Tuesday, December 14, 2010

Corruption is not a partisan issue

In this long season of scandals and scams, repeatedly one has come across the mentality of the two principal political parties, the Indian National Congress and the Bharatiya Janata Party, to declare that their party men are less corrupt than the other's. Each party seems to be concerned only with the acts of corruption perpetrated by the other. The message is very clear that corruption per se is not bad, unless it is members of the other party who are indulging in it or, to put it more precisely, have been caught doing that. That is why Sonia Gandhi and her minions in the Congress keep attacking the BJP for its Karnataka chief minister B.S. Yeddyurappa's transgressions of law in land denotification and allotment to his own kin. The lady also claims for her party a better record in dealing with its own and its allies' ministers when they stray from the right path. Similarly, the BJP blasts the Congress for its acts of commission and omission which have given rise to a series of scams in the recent past but sees no wrong in its corruption-infested government in Karnataka. It says that the Congress' record can not be called better than the BJP's merely because it has belatedly moved against a few of a large number of corrupt persons in its and its allies' ranks.

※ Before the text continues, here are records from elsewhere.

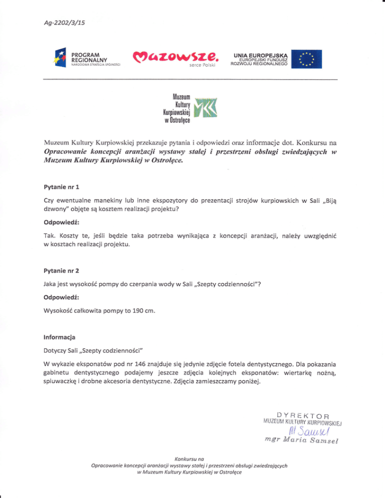 Aq-2202/3/15 PRoGRAM REcloNALNY NARoDoWA STMTE6lA spóJNoścl il,*ł f;urpiowrkiui włlttltlęcł w§ §ffi Muzeum Kultury Kurpiowskiej przekazuje pytania i odpowiedzi oraz informacje dot. Konkursu na Opracowanie koncepcji aranżacji wystawy stałej i przestrzeni obsługi zwiedzajqcych w Muzeum Kultury Kurpiowskiej w Ostrołęce. Pytanie nr 1 Czy ewentualne manekiny lub inne ekspozytory do prezentacji strojów kurpiowskich w Sali ,,Biją dzwony" objęte są kosztem realizacji projektu? Odpowiedź: Tak, Koszty te, jeślibędzie taka potrzeba wynikająca z koncepcji aranżacji, należy uwzględnić w kosztach realizacji projektu. Pytanie nr 2 Jaka jest wysokośćpompy do czerpania wody w Sali ,,Szepty codzienności"? Odpowiedź: Wysokośćcałkowita pompy to 190 cm. lnformacja Dotyczy Sa l i,,Szepty codzienności" W wykazie eksponatów pod nr 146 znajduje się jedynie zdjęcie fotela dentystycznego, Dla pokazania gabinetu dentystycznego podajemy jeszcze zdjęcia kolejnych eksponatów: wiertarkę nożną, spluwaczkę i drobne akcesoria dentystyczne. Zdjęcia zamieszczamy poniżej. DYREKToR MUZFUM KUtTURY [1,1 xunńoi,risrtrl \auwl mgr fuIaria Sansel konkursu na Opracowanie koncepcji aranżacji wystawy stałej i przestrzeni obsługi zwiedzajqcych w Muzeum Kultury Kurpiowskiej w Ostrołęce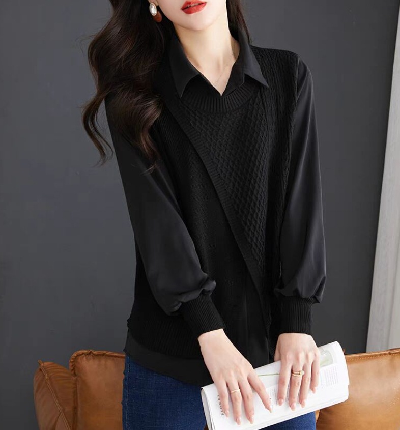 여성용 페이크 투피스 셔츠와 스웨터 조합, 2026년 초가을 신상 디자인, 레트로 패션, 독특한 베이스 레이어 니트웨어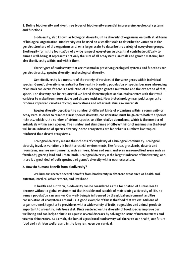 Define biodiversity and give three types of biodiversity essential in preserving ecological systems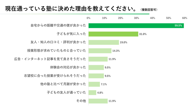 現在の塾に決めた決め手については、「自宅からの距離や交通の便が良かった」が最も高く59.5%という結果に。次点では「子どもが気に入った」が票を集めていることから、利便性と子どもの意見が最も決め手となる傾向にあるようです。その他の回答では「他の習い事と曜日を調整する必要があった」「子どもの学力に合っているレベルの塾を選んだ」等といった意見も。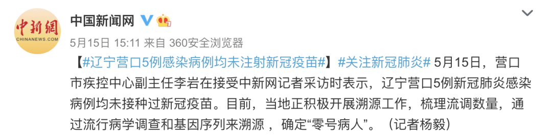 5月15日,辽宁省营口市疾控中心副主任李岩表示,营口5例新冠肺炎感染病例均未接种过新冠疫苗。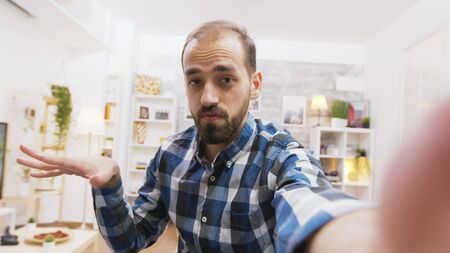 Pov young influencer talking with the audience from his vlogs. Creative and cheerful man.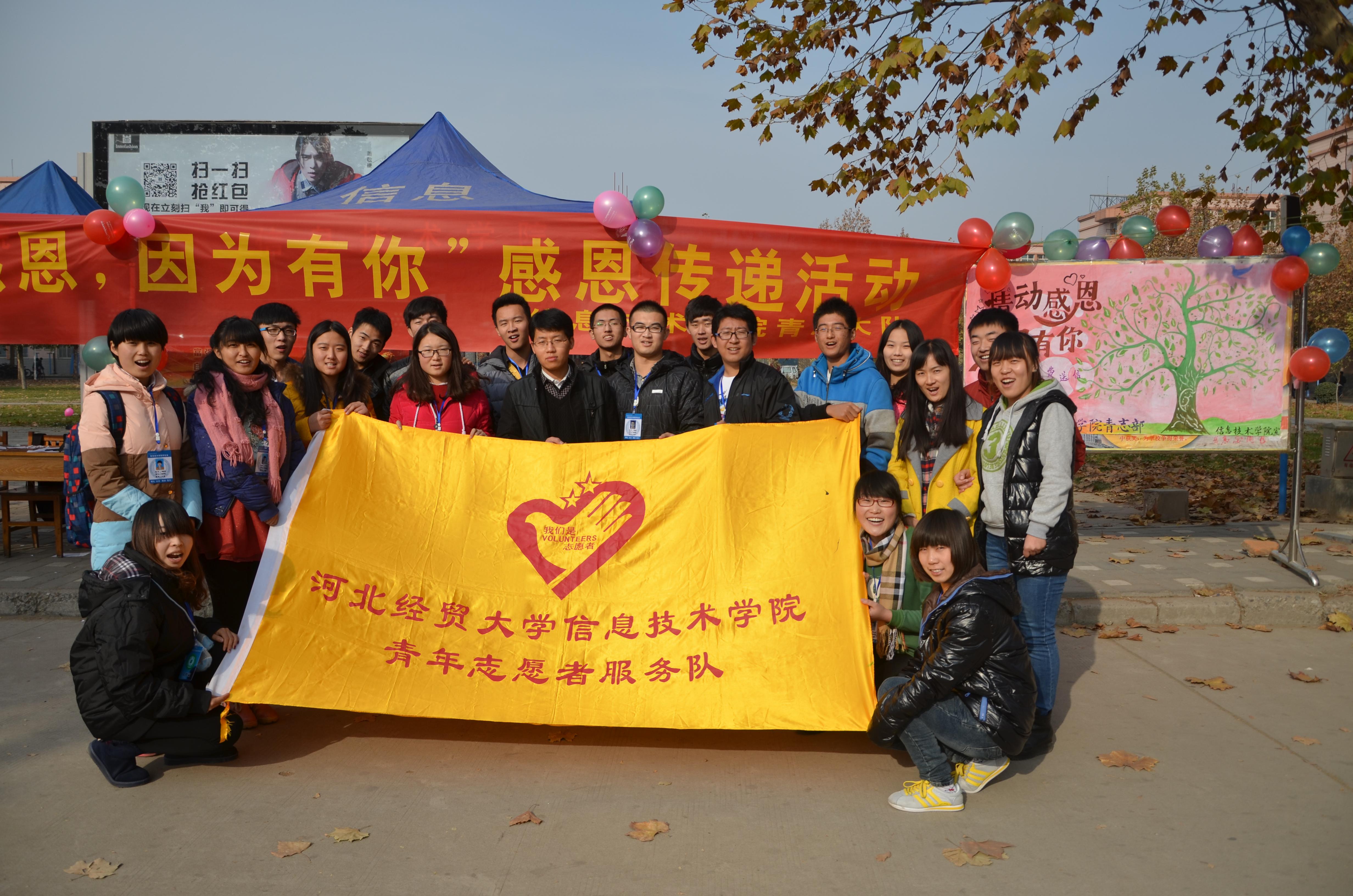 活动分为录制感恩视频、现场征集信件免费邮寄两个部分。23日上午,信息学院志愿者大队趁着学生周末闲暇之际,在校园内向同学、老师做关于感恩问题的问答活动,同时进行视频录制,后经剪辑做成合集。24日上午,在韶华路宣传展示,面向经贸学子现场征集感恩信件,后期免费邮寄,由于上下课时间较集中,收集信件工作收效良好,过路同学在现场写的不亦乐乎,整个活动进行的有条不紊。在活动结束后,志愿者们也将陆续邮寄出信件。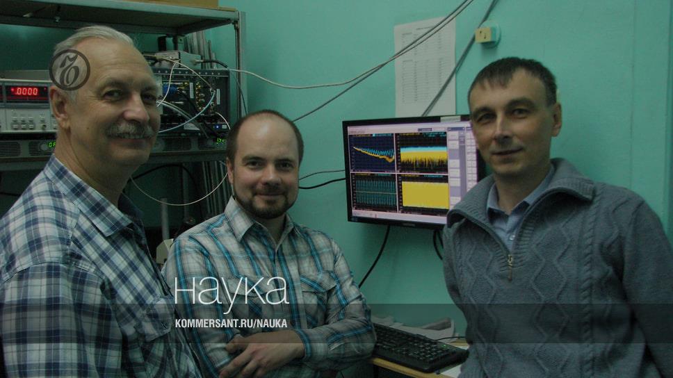 Экспериментаторы из лаборатории магнитоэлектроники СВЧ Саратовского филиала Института радиотехники и электроники имени В. А. Котельникова РАН рядом с установкой для исследования спиновых волн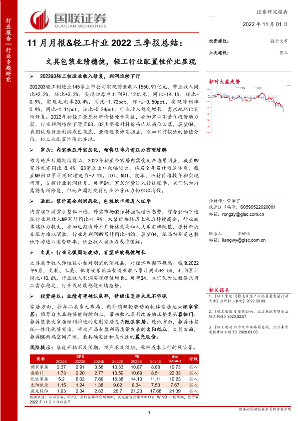 【国联证券】【20221101】11月月报&轻工行业2022三季报总结:文具包装业绩稳健,轻工行业配置性价比显现-21页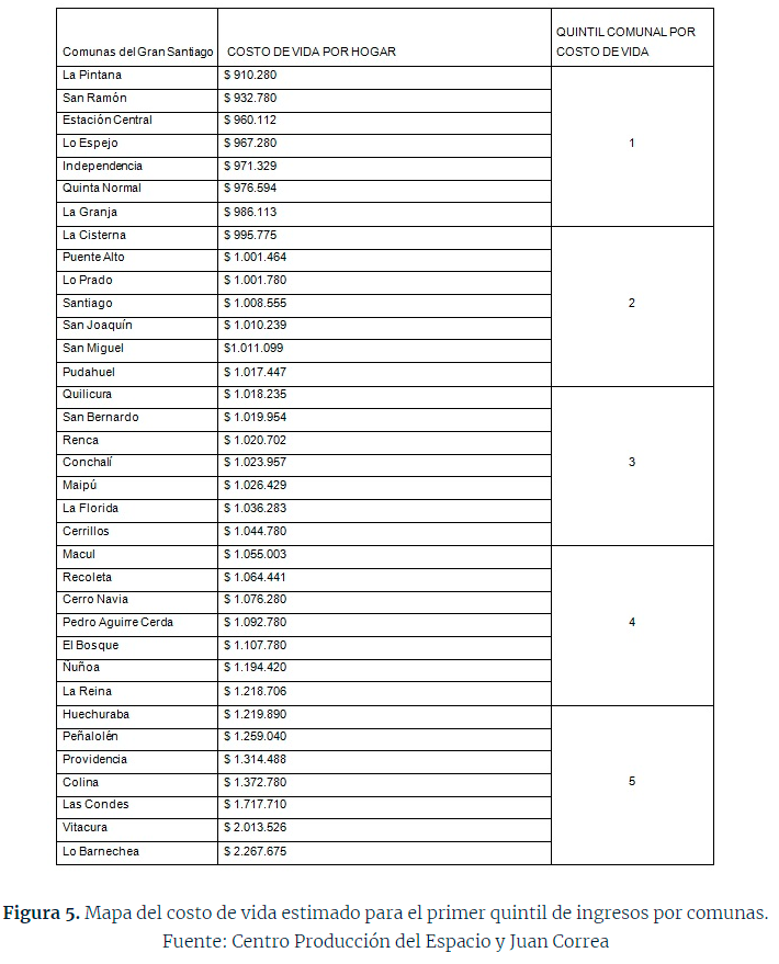 Los valores del acceso a la vivienda terminan por segmentar a la población de acuerdo con la economía de sus hogares, definiendo quién puede vivir en qué comuna de acuerdo a su poder de compra (Figura 5).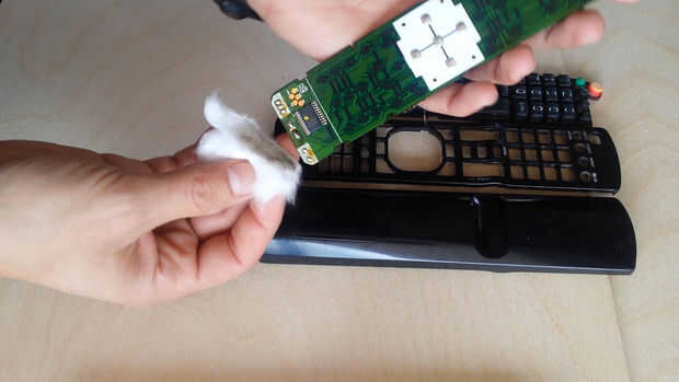 Ahora toma todas las piezas de su control remoto y darles un buen lavado con un jabón suave. Lave todos los plásticos y también el teclado numérico de caucho. No se debe lavar la placa principal!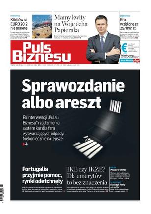 Dlaczego dokumenty są niezwykle krytyczne dla faworyta konkursu na członka zarządu PZU; farma wiatrowa w Kobylnicy to pierwszy wspólny projekt BRE i Commerzbanku w branży energii odnawialnej; rząd zmienia system kar dla firm wytwarzających odpady; oszczędzający na starość będą mogli od stycznia odpisać od podstawy opodatkowania 4 proc.; rząd w Lizbonie stracił zdolność regulowania zobowiązań; wartość ofert publicznych, które trwają lub wkrótce mają się rozpocząć, może przekroczyć 1,2 mld zł.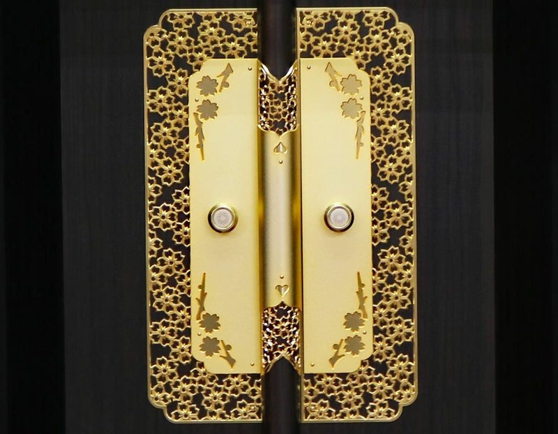 本金箔と金色塗装では輝きが違うのは一目瞭然です。 内部には蛍光灯照明も付属していますのでご本尊様を明るく照らしてくれます。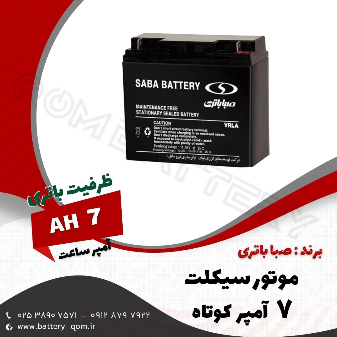 باتری ۷ آمپر کوتاه موتور سیکلت صبا باتری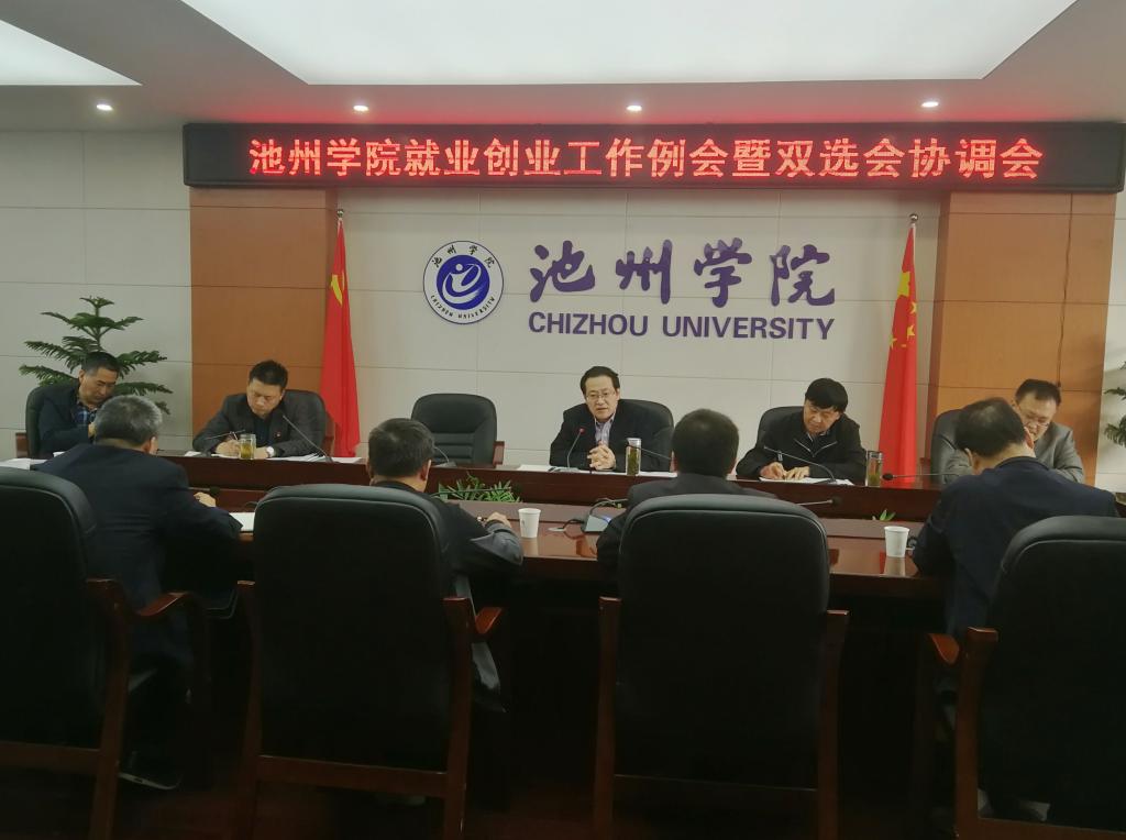 11月5日下午,必赢官网在办公北三楼会议室召开就业创业工作例会暨2020届毕业生冬季校园双选会协调会,校党委书记孙晓峰出席会议并讲话。就业创业工作领导小组成员、各二级学院分管就业工作负责人及就业创业指导中心全体成员参加会议。会议由党委委员、宣传部长胡兵主持。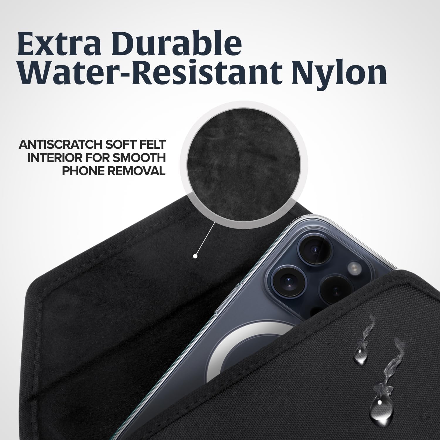 Turtleback Belt Clip for iPhone 16 Pro, 16e, 15 pro 14 Pro 13 Pro -Small- Fits w/Slim MagSafe Style Cases - Premium Black Nylon, Horizontal Belt Holder, Magnetic Closure, HD Rotating Belt Clip

What these two political parties seem to have forgotten is that the nation has come to be completely sick of corruption, it is not concerned whether it is of the Congress origin or BJP. If the two are even a little serious about battling corruption and bringing it under control, they must first learn to view it as such and not through glasses coloured by their respective political prejudices. The people of India have watched their game of blaming each other long enough, now they expect them to act in a decisive way to clean up public life. If they fail to do this quickly enough, the people are quite capable of dumping them both in the garbage bin, in there th etwo parties can continue with their fight and claims that the muck on one's face is a lighter shade of black than on the other's and vice versa.